- _SUPPLIED DATA_
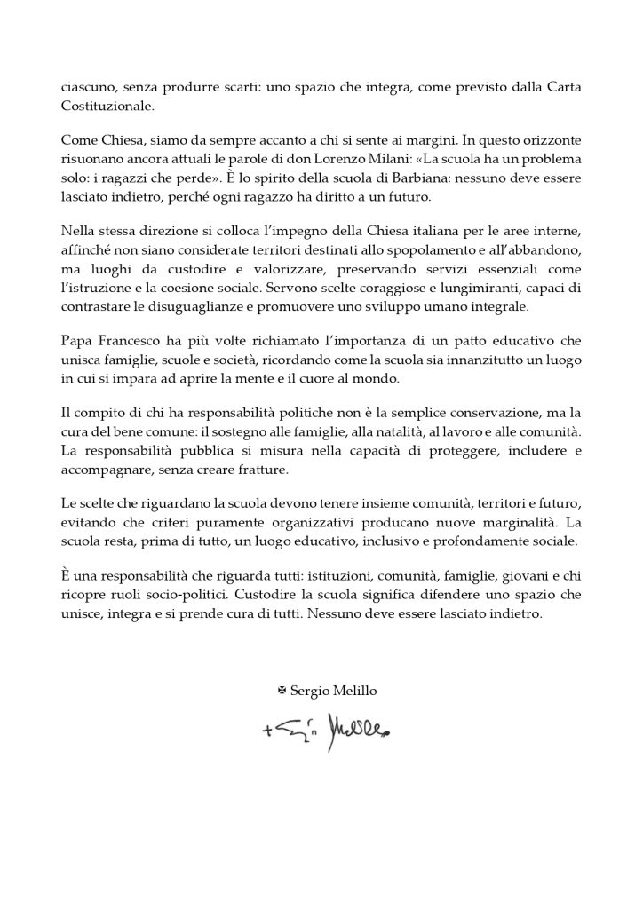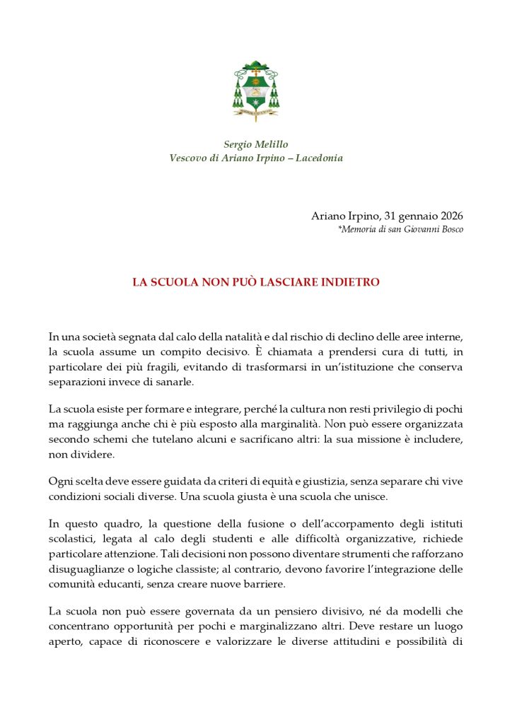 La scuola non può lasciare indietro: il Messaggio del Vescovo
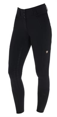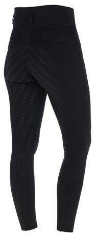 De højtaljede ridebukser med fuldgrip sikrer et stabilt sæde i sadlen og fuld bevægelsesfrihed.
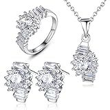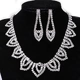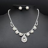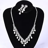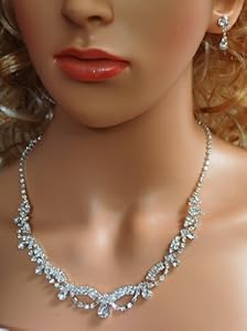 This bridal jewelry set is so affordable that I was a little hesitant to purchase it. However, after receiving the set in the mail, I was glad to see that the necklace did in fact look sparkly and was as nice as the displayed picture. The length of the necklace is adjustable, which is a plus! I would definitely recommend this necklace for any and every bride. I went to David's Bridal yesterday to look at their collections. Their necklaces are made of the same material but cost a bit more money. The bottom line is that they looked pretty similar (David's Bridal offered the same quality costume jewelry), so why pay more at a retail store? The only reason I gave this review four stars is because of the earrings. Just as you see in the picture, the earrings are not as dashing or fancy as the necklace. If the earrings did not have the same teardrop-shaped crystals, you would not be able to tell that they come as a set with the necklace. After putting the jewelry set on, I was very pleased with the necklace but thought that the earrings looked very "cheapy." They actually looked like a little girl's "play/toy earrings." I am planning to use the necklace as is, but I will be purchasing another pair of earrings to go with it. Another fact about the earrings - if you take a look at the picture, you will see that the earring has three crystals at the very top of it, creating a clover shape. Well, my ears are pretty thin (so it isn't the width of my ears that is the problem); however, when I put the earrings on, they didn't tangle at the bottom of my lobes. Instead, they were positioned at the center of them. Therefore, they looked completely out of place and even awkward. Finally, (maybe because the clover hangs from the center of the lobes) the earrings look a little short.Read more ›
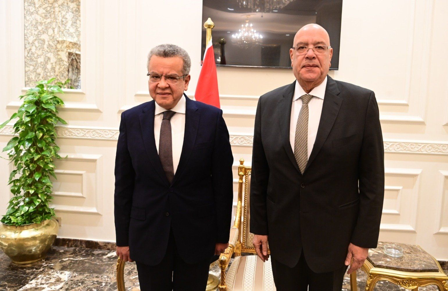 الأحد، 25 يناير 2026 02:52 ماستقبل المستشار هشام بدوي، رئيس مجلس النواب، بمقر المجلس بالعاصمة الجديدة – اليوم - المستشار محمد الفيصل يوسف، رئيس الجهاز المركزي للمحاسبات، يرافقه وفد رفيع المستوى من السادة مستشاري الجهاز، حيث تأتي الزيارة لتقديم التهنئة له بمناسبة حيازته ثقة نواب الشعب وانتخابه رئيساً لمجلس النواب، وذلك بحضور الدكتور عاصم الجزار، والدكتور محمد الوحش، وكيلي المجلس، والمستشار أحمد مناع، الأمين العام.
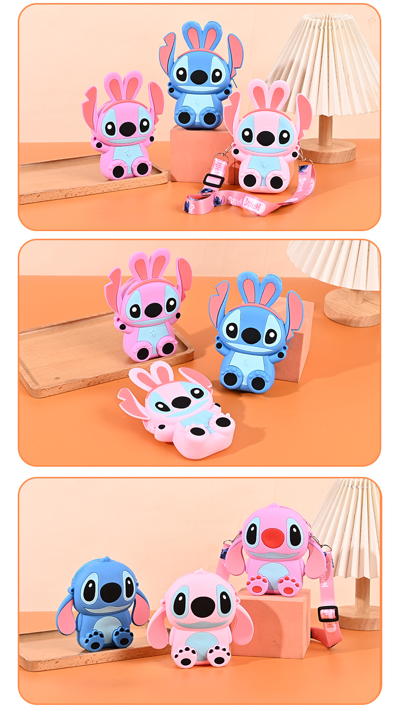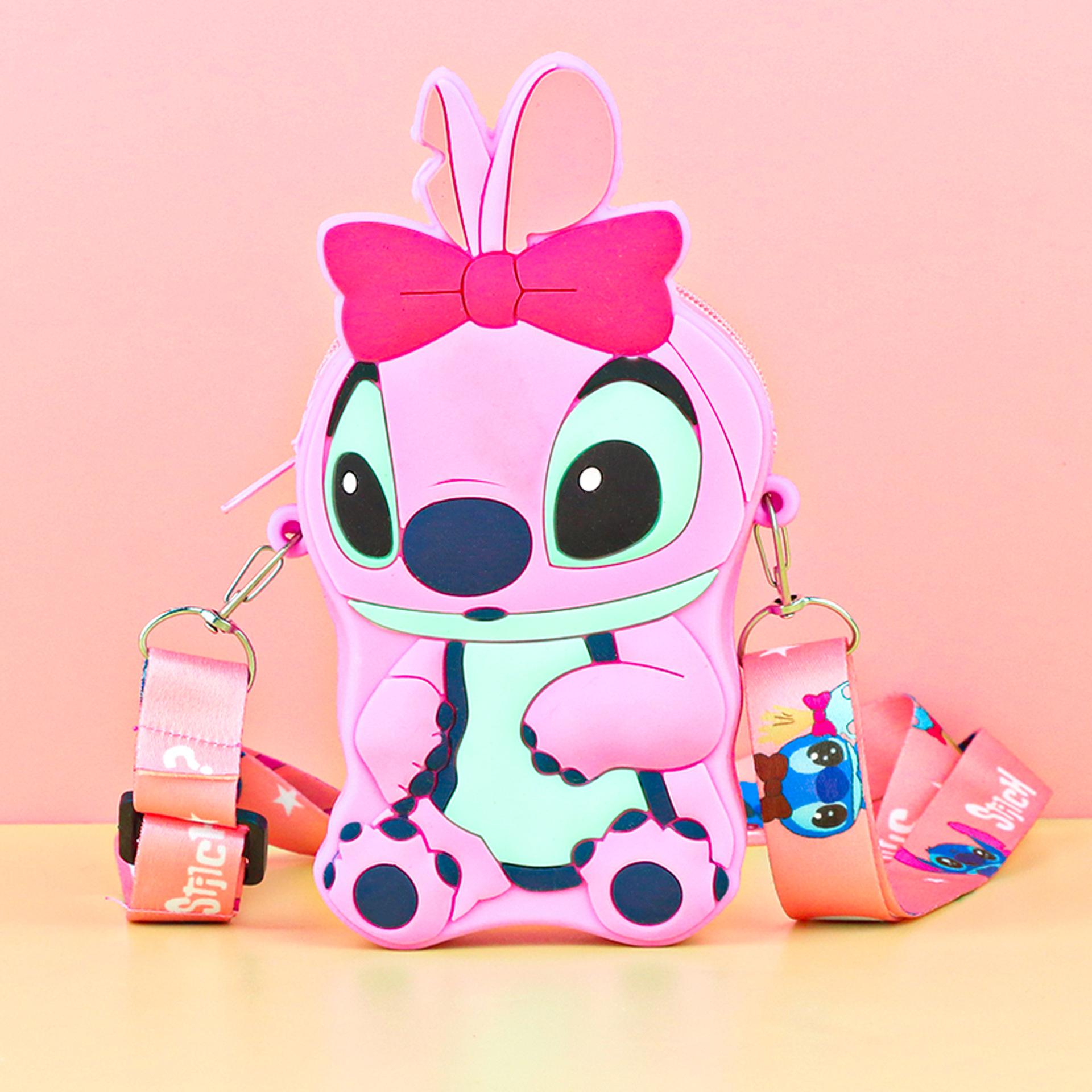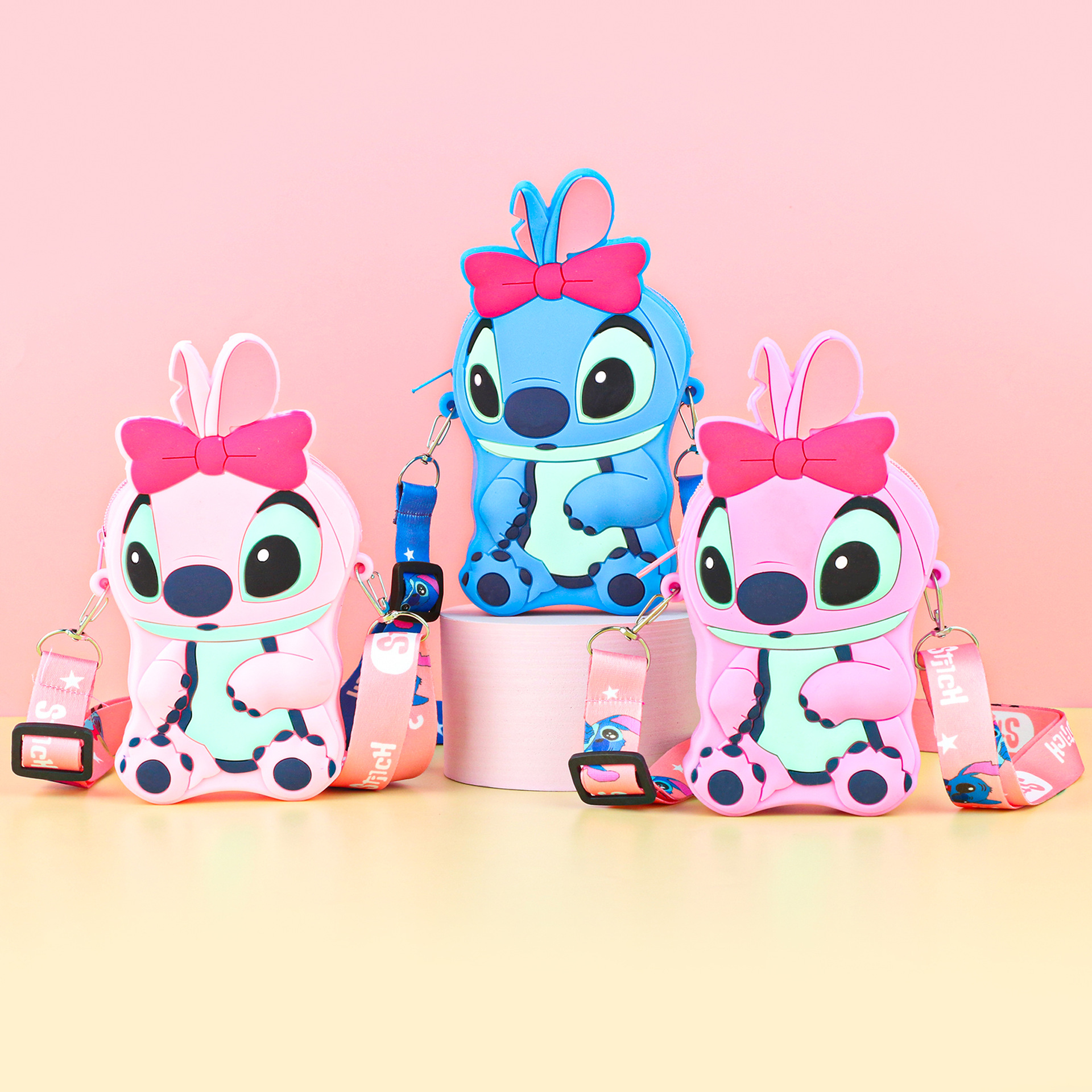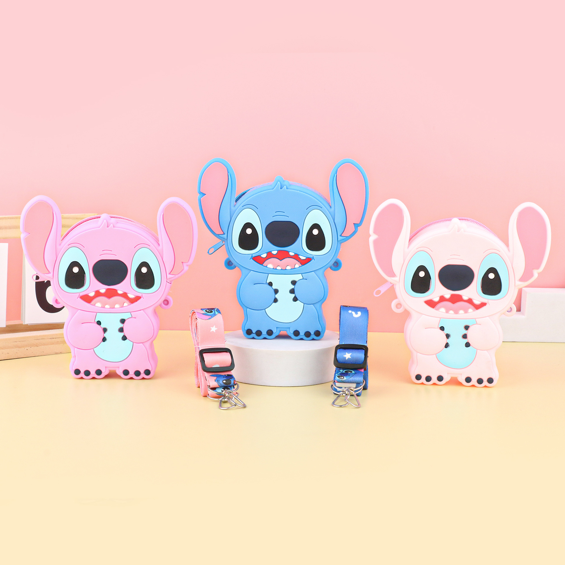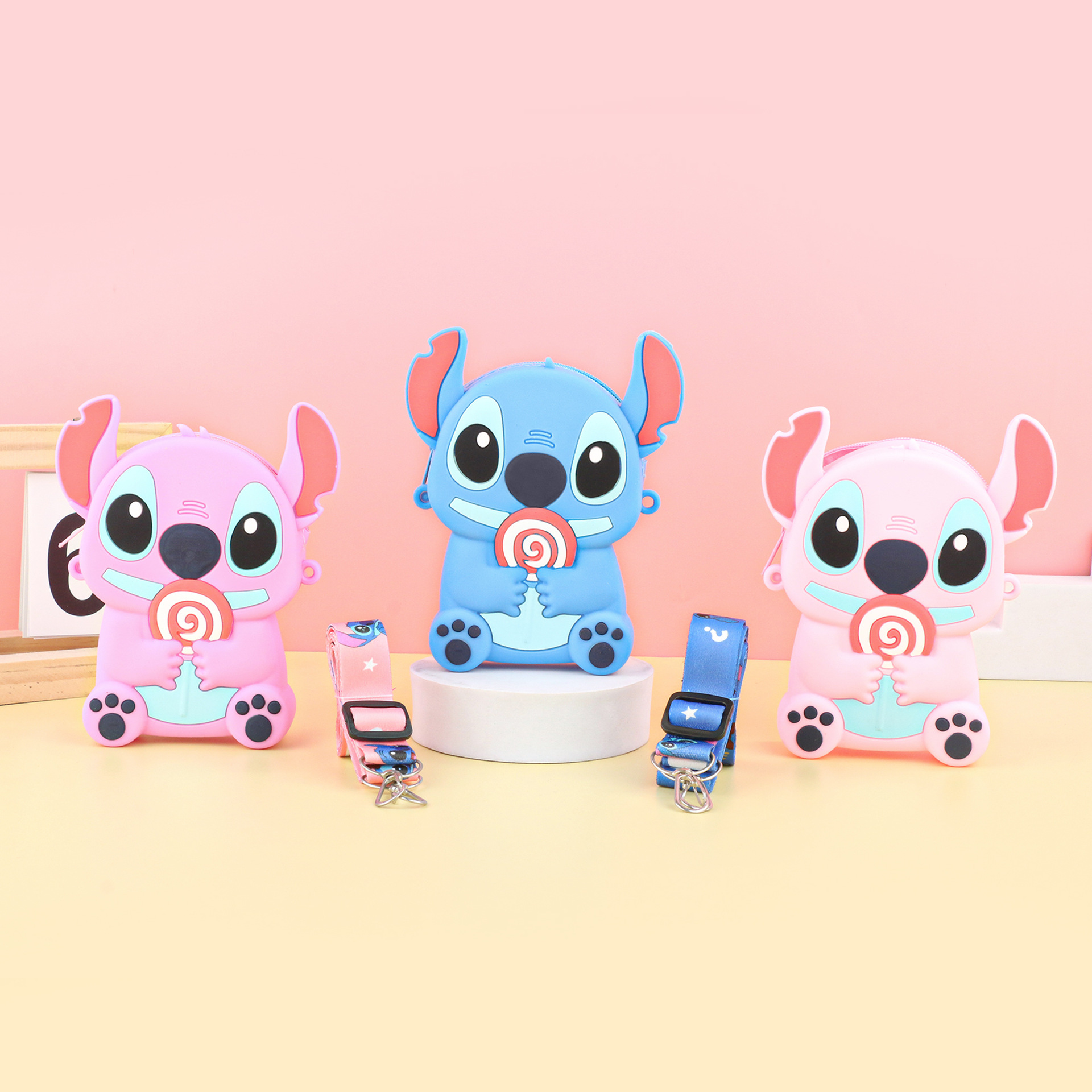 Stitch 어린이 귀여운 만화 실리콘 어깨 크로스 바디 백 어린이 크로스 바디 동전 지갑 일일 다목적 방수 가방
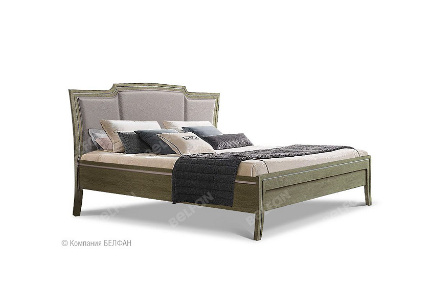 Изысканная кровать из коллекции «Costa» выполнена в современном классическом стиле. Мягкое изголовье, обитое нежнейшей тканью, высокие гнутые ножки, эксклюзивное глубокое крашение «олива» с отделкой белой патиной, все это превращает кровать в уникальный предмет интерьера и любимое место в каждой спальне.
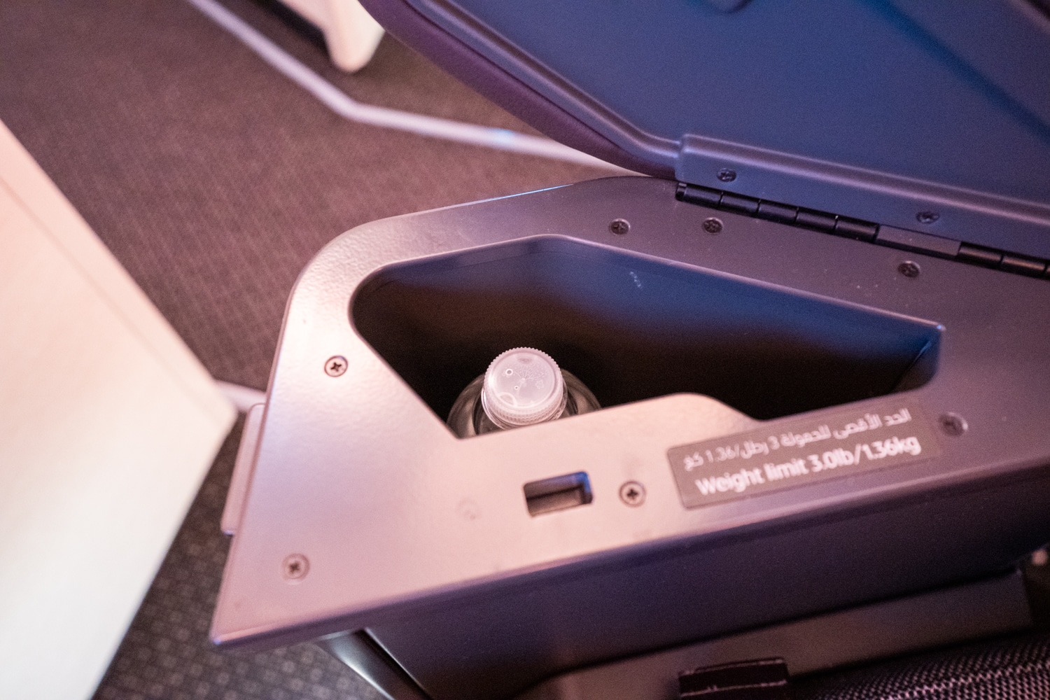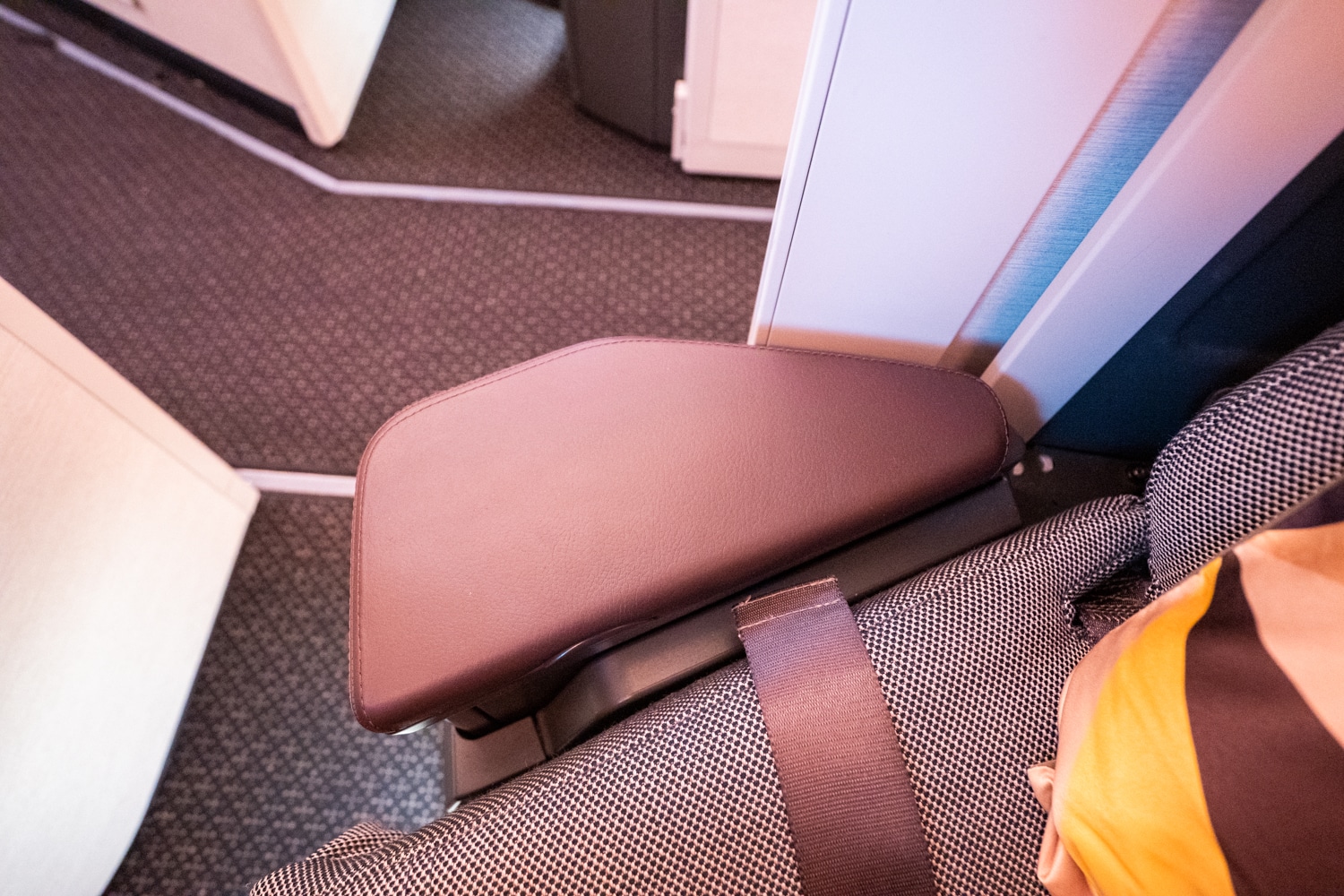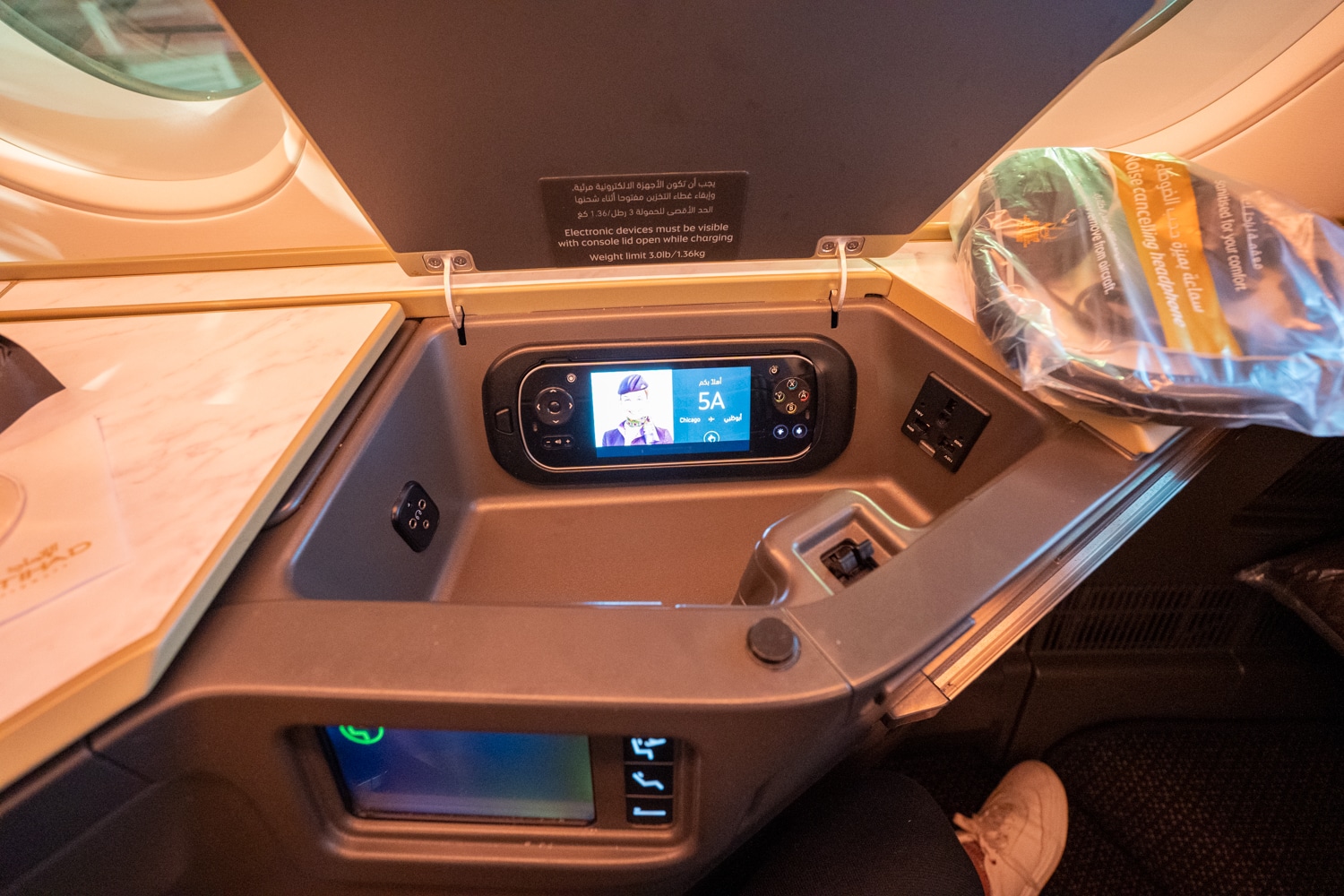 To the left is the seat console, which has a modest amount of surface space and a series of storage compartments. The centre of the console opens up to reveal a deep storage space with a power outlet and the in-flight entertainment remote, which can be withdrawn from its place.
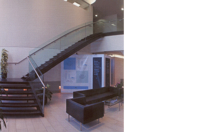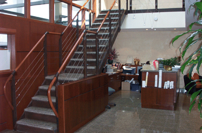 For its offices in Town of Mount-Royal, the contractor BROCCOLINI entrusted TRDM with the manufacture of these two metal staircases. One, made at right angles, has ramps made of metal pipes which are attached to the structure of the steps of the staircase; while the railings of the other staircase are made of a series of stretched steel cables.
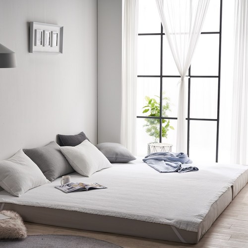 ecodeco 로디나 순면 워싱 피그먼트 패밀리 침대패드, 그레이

- _INSTRUCTIONS FOR THE TASK_
Please give again, exactly and only, the lines from the top of the listing above through the line that has "De højtaljede ridebukser", with pictures left out.

- _RESULT_
 La scuola non può lasciare indietro: il Messaggio del Vescovo
 De højtaljede ridebukser med fuldgrip sikrer et stabilt sæde i sadlen og fuld bevægelsesfrihed.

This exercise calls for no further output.